Record excerpts: Begin

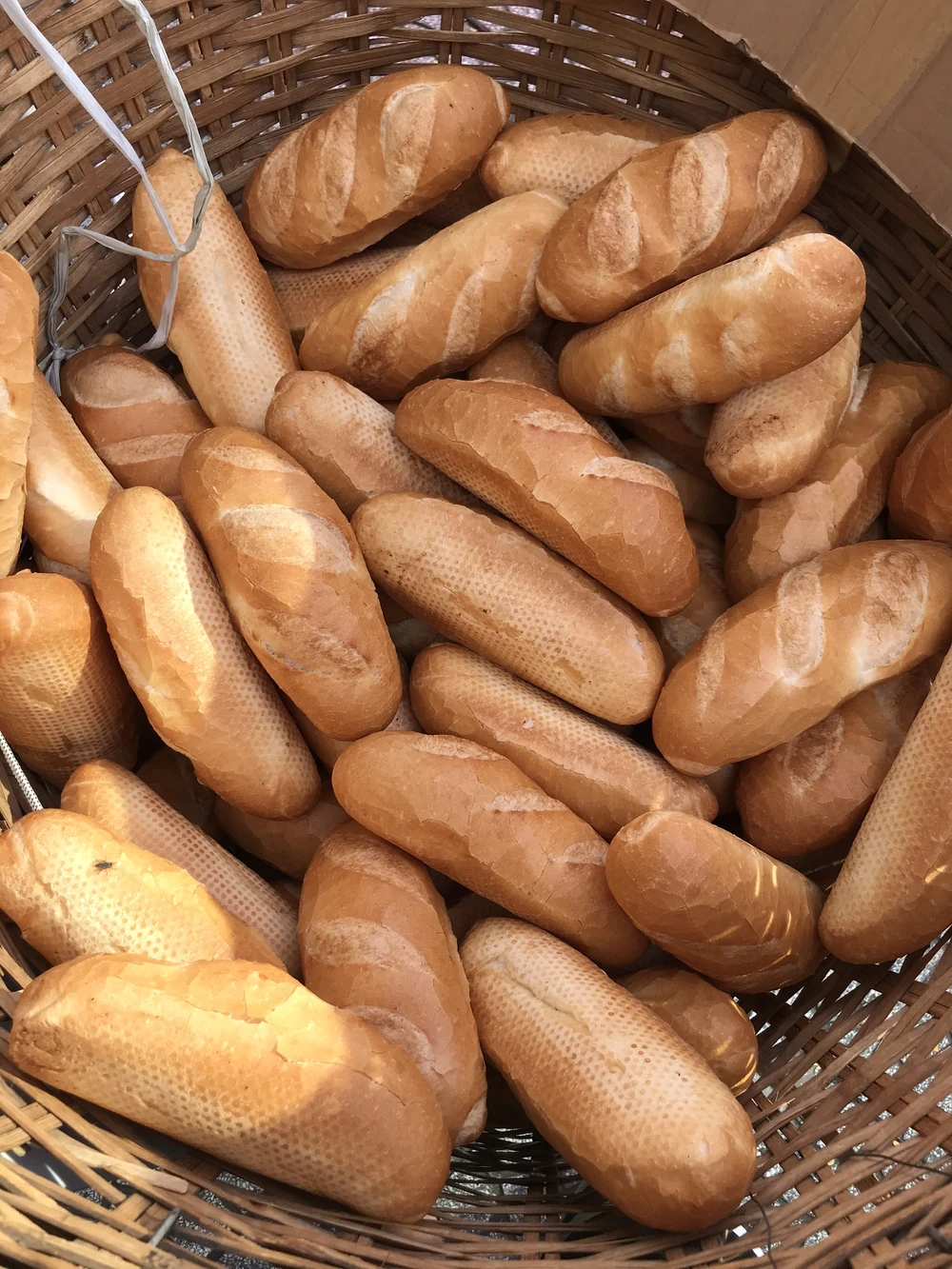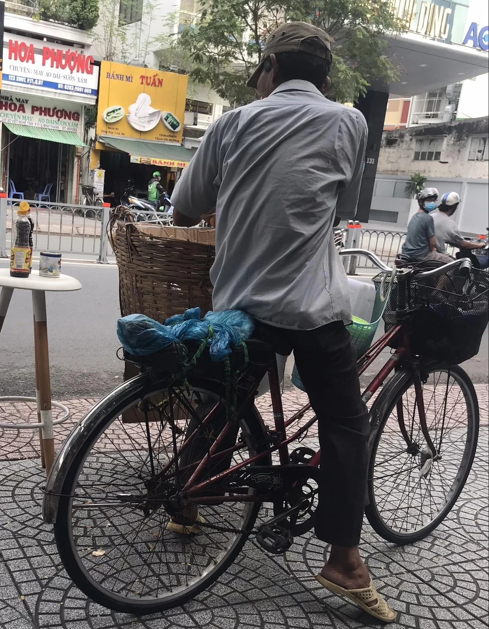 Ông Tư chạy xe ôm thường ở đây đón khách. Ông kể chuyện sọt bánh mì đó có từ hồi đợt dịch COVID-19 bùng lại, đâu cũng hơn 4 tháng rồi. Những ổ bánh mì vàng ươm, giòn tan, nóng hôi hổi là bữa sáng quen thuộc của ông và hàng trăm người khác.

Record excerpts: End
Record excerpts: Begin

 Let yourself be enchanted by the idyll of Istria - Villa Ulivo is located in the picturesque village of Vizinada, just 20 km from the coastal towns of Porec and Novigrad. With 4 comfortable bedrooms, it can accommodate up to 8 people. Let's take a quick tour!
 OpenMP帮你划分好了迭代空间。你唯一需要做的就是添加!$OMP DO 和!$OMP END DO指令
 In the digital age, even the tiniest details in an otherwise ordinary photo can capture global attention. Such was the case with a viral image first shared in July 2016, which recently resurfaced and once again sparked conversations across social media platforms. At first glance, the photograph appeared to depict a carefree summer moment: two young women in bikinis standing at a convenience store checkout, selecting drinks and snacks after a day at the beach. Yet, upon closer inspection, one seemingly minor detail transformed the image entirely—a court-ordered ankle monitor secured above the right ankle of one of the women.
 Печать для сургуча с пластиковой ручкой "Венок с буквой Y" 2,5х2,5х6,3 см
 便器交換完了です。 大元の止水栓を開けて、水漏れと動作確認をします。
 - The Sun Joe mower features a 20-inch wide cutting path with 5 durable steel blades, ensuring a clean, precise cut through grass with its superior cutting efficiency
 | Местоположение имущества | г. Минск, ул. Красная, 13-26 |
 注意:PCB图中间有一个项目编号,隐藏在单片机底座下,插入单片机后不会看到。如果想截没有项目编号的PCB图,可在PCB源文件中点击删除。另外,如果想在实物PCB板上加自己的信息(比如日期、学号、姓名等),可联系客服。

Record excerpts: End
Record excerpts: Begin

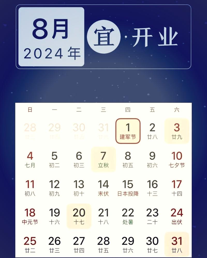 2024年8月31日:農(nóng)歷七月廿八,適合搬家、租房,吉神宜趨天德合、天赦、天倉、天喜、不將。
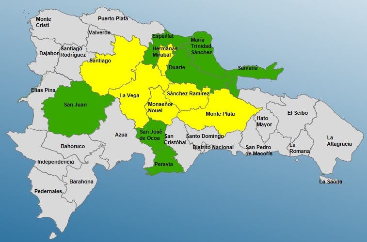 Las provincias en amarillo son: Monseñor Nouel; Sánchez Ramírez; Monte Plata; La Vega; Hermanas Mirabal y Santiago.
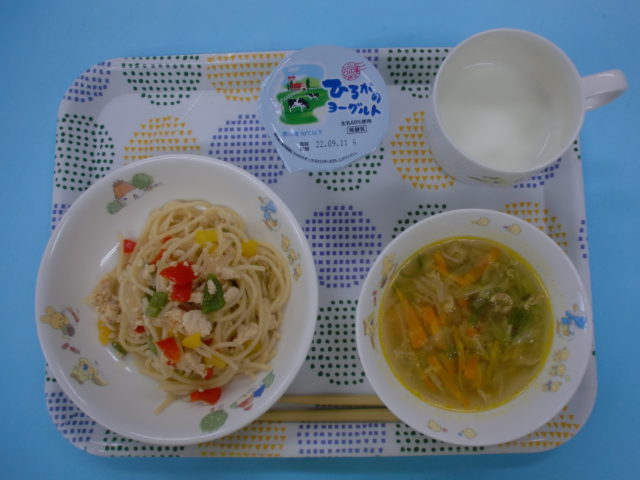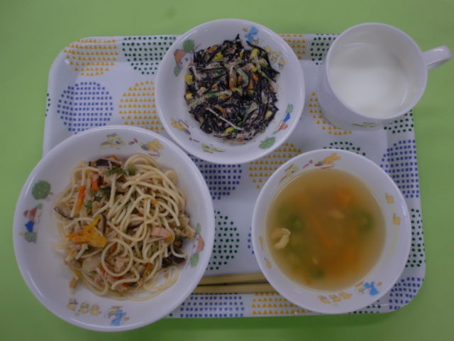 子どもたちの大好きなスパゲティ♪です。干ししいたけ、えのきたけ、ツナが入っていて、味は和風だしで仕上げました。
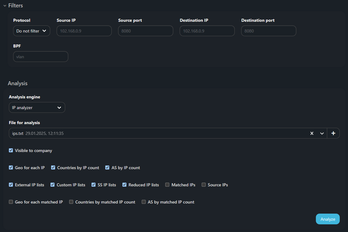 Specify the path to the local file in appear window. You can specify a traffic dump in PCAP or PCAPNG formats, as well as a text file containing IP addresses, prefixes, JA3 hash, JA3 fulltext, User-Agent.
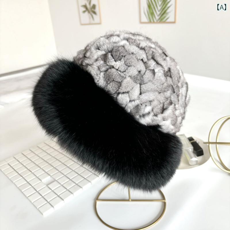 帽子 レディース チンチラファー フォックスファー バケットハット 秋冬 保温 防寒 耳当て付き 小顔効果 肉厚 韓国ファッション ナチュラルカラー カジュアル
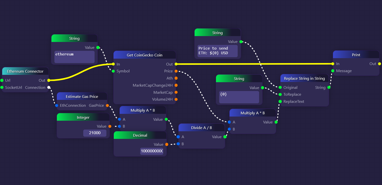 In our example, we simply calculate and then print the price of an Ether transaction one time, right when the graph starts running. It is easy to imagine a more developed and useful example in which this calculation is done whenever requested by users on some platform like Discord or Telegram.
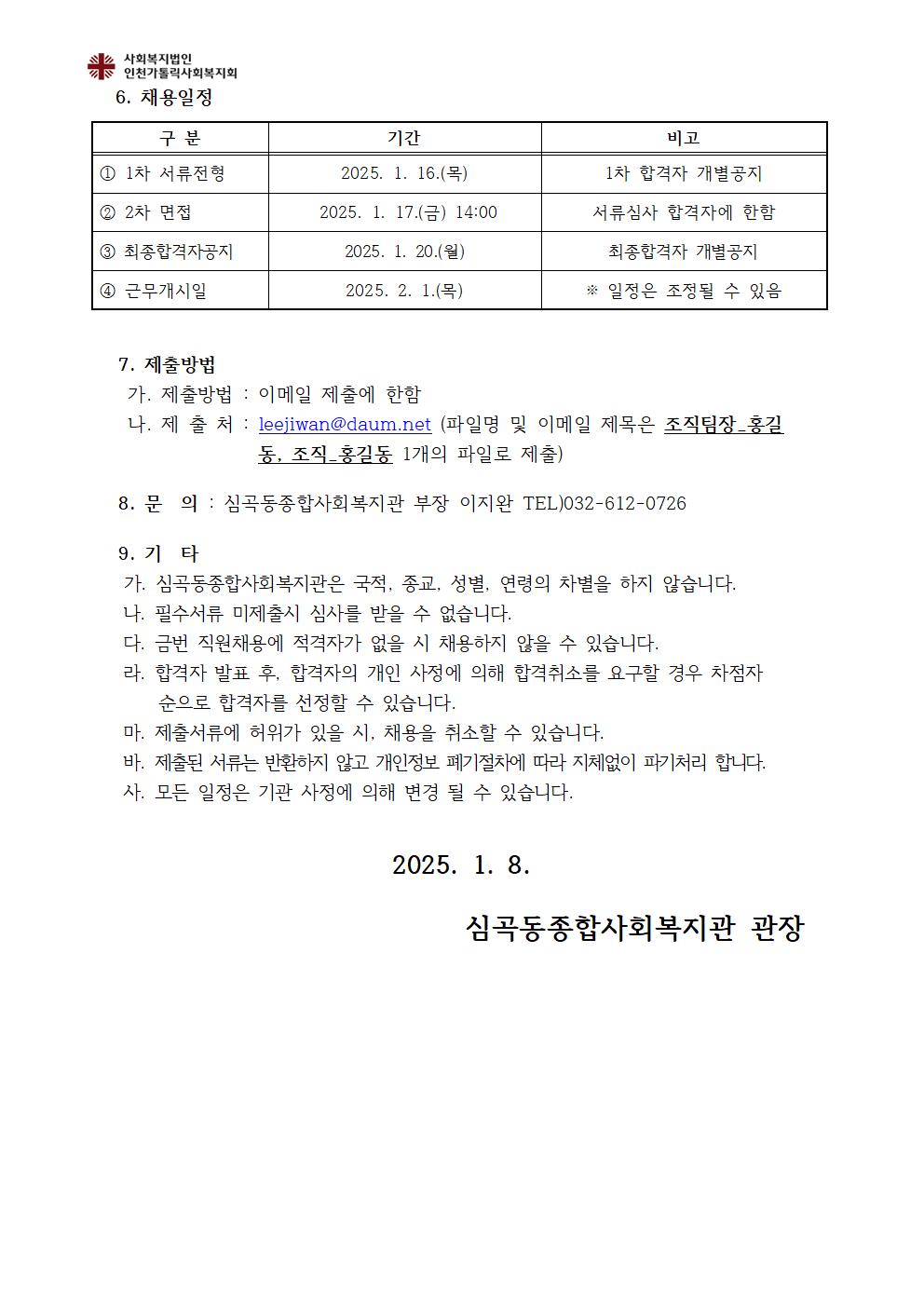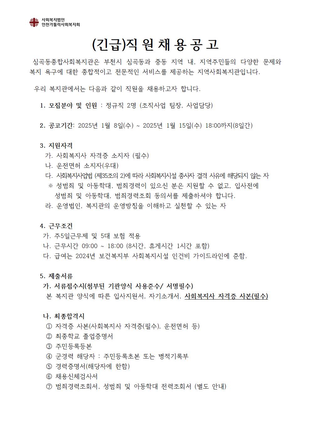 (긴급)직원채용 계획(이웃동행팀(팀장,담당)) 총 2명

Record excerpts: End

Look above for the line containing "Las provincias en" and the line containing "Specify the path", then reproduce both and everything between them exactly, pictures omitted.

Answer space ->
 Las provincias en amarillo son: Monseñor Nouel; Sánchez Ramírez; Monte Plata; La Vega; Hermanas Mirabal y Santiago.
 子どもたちの大好きなスパゲティ♪です。干ししいたけ、えのきたけ、ツナが入っていて、味は和風だしで仕上げました。
 Specify the path to the local file in appear window. You can specify a traffic dump in PCAP or PCAPNG formats, as well as a text file containing IP addresses, prefixes, JA3 hash, JA3 fulltext, User-Agent.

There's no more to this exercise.